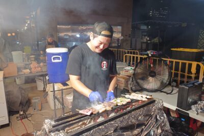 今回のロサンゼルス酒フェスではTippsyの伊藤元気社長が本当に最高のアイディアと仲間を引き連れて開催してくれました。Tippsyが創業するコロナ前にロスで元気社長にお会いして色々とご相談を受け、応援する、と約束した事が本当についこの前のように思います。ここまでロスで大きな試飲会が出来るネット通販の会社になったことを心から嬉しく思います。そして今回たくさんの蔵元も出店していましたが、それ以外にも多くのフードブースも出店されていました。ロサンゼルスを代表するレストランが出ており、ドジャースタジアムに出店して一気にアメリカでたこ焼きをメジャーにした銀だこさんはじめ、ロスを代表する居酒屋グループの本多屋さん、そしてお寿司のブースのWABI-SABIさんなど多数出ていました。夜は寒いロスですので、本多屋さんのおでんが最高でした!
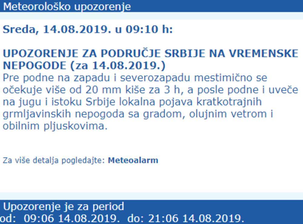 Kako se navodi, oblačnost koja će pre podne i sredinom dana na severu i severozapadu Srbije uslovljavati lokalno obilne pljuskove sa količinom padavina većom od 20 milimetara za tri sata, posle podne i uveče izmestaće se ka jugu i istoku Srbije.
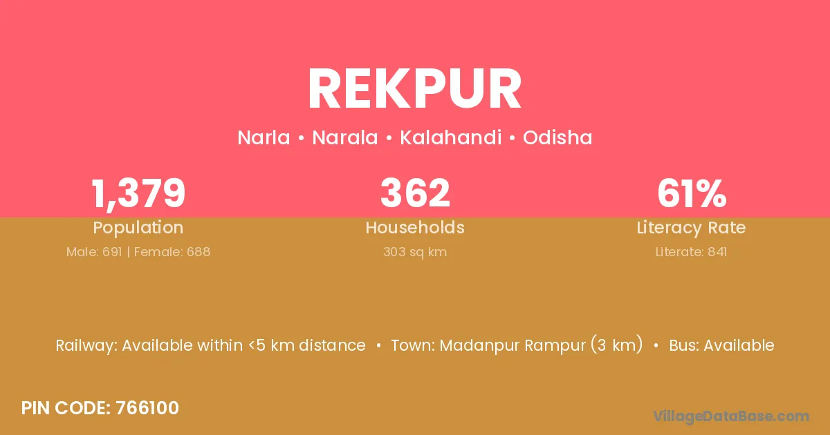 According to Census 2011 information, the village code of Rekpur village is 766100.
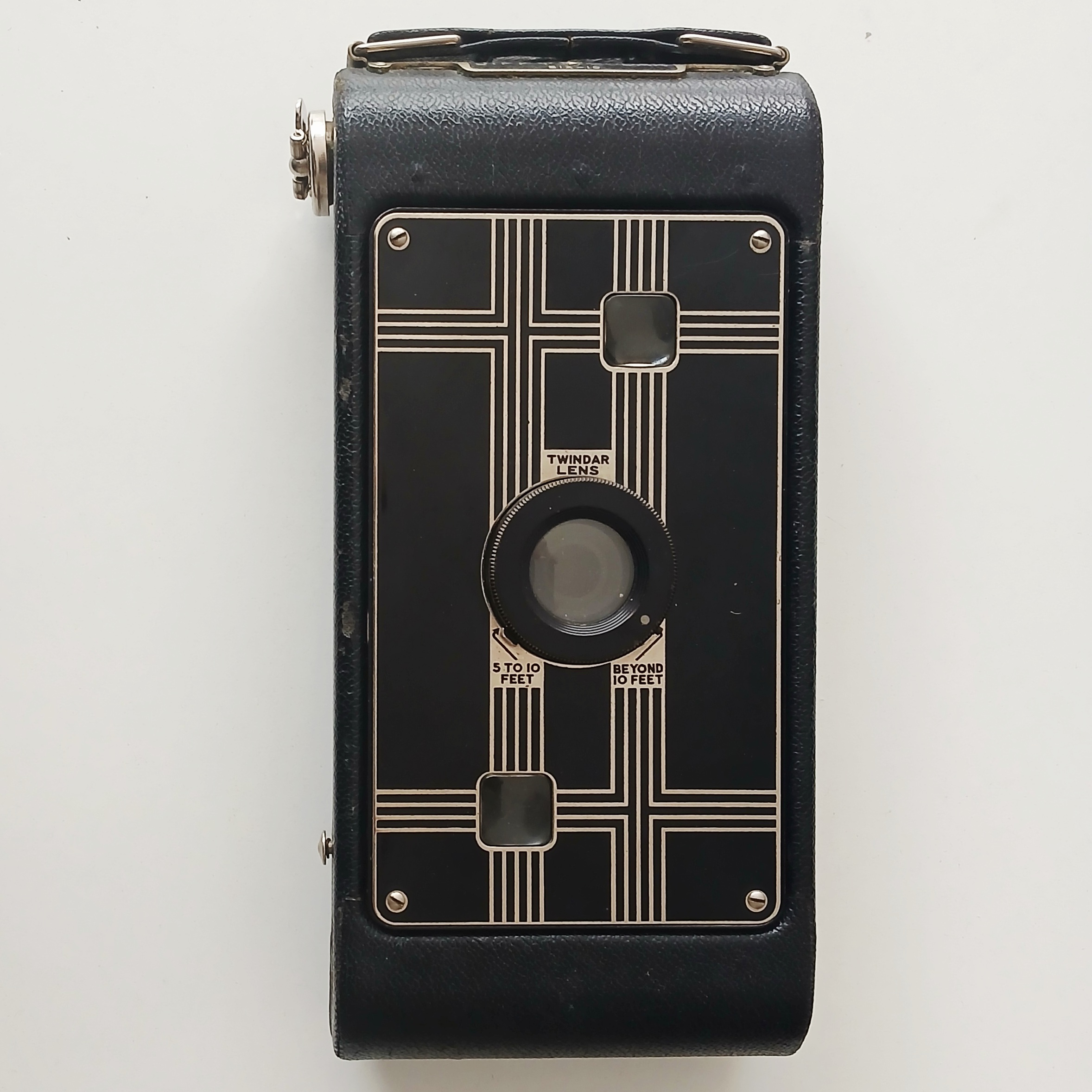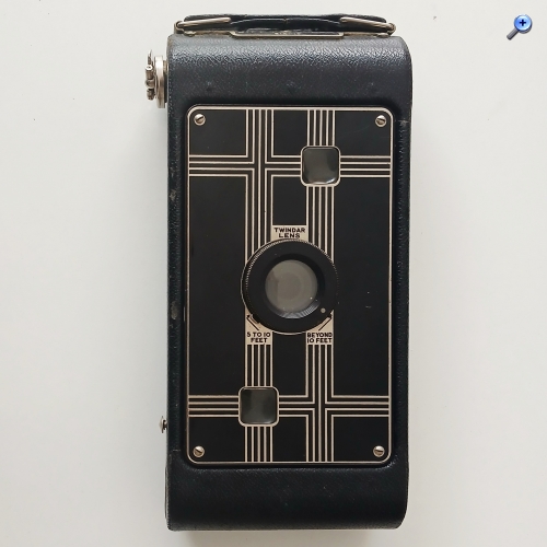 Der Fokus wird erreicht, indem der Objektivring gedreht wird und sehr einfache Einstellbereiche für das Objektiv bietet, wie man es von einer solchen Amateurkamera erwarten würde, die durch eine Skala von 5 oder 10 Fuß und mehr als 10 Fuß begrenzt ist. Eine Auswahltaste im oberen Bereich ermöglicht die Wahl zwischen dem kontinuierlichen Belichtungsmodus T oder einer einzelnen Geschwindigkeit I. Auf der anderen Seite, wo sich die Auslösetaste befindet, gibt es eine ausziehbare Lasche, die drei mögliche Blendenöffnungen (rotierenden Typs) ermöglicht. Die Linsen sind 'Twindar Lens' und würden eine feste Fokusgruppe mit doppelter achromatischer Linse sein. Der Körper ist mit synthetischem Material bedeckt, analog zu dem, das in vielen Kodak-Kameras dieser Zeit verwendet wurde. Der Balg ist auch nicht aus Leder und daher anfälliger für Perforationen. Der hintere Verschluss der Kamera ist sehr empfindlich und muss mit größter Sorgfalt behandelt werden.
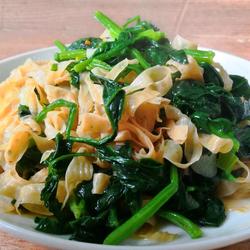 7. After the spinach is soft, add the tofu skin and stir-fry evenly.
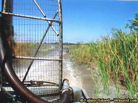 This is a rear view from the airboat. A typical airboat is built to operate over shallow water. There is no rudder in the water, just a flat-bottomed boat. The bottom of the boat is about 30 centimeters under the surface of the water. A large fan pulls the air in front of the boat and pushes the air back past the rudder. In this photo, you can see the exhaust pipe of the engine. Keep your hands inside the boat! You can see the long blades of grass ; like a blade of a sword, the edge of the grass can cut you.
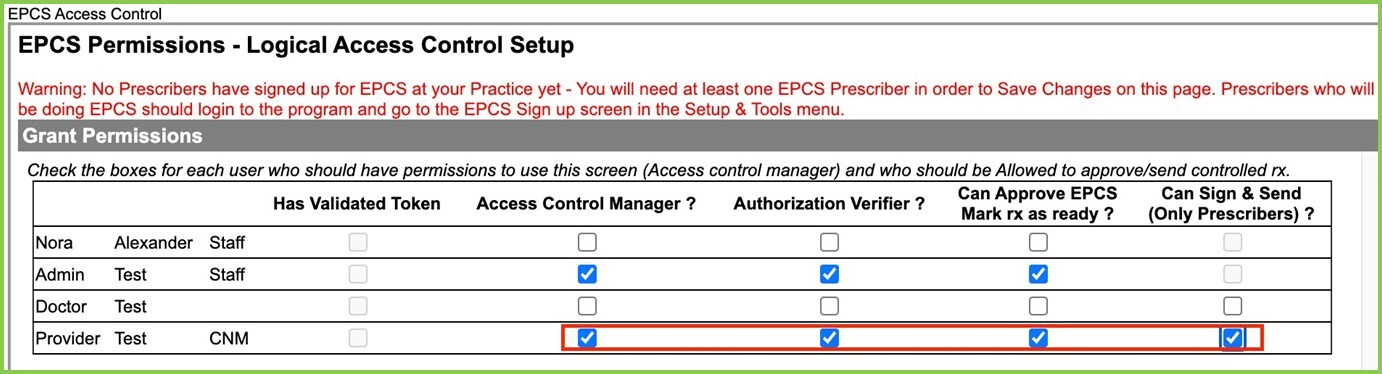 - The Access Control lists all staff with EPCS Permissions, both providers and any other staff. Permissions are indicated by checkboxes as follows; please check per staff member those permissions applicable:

---

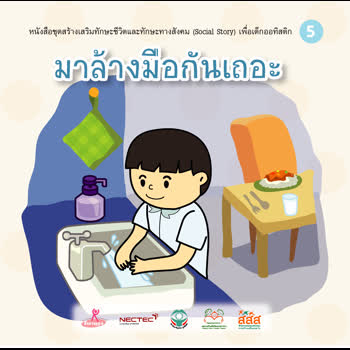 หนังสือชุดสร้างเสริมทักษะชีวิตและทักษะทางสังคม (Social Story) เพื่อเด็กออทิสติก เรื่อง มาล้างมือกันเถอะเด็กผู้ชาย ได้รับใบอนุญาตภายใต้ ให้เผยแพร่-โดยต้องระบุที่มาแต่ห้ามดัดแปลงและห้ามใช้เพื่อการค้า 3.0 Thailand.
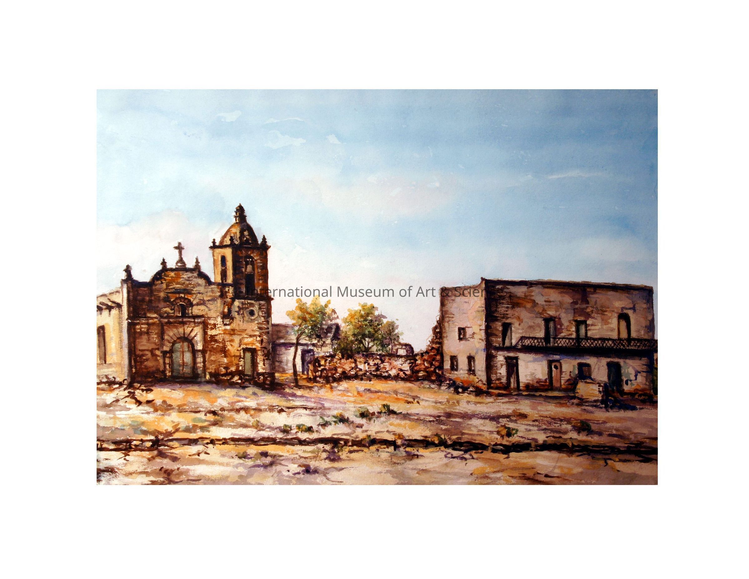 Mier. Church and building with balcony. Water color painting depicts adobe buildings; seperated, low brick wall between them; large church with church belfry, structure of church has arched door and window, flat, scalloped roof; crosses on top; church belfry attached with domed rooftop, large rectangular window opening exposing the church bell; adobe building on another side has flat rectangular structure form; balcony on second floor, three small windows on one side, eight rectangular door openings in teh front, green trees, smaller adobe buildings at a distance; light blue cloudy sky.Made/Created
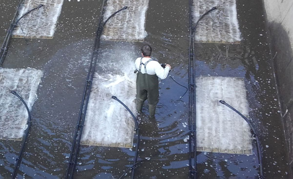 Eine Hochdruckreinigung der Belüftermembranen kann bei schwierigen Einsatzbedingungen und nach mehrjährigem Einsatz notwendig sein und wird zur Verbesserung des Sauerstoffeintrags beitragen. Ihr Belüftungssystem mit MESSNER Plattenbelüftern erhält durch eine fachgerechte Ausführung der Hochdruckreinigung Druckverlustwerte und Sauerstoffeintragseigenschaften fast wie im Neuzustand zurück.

## Goal of the exercise:
The reply should hold the entries above from the line with "Der Fokus wird" to the line with "- The Access", duplicated exactly, pictures excluded.

## Output below:
 Der Fokus wird erreicht, indem der Objektivring gedreht wird und sehr einfache Einstellbereiche für das Objektiv bietet, wie man es von einer solchen Amateurkamera erwarten würde, die durch eine Skala von 5 oder 10 Fuß und mehr als 10 Fuß begrenzt ist. Eine Auswahltaste im oberen Bereich ermöglicht die Wahl zwischen dem kontinuierlichen Belichtungsmodus T oder einer einzelnen Geschwindigkeit I. Auf der anderen Seite, wo sich die Auslösetaste befindet, gibt es eine ausziehbare Lasche, die drei mögliche Blendenöffnungen (rotierenden Typs) ermöglicht. Die Linsen sind 'Twindar Lens' und würden eine feste Fokusgruppe mit doppelter achromatischer Linse sein. Der Körper ist mit synthetischem Material bedeckt, analog zu dem, das in vielen Kodak-Kameras dieser Zeit verwendet wurde. Der Balg ist auch nicht aus Leder und daher anfälliger für Perforationen. Der hintere Verschluss der Kamera ist sehr empfindlich und muss mit größter Sorgfalt behandelt werden.
 7. After the spinach is soft, add the tofu skin and stir-fry evenly.
 This is a rear view from the airboat. A typical airboat is built to operate over shallow water. There is no rudder in the water, just a flat-bottomed boat. The bottom of the boat is about 30 centimeters under the surface of the water. A large fan pulls the air in front of the boat and pushes the air back past the rudder. In this photo, you can see the exhaust pipe of the engine. Keep your hands inside the boat! You can see the long blades of grass ; like a blade of a sword, the edge of the grass can cut you.
 - The Access Control lists all staff with EPCS Permissions, both providers and any other staff. Permissions are indicated by checkboxes as follows; please check per staff member those permissions applicable:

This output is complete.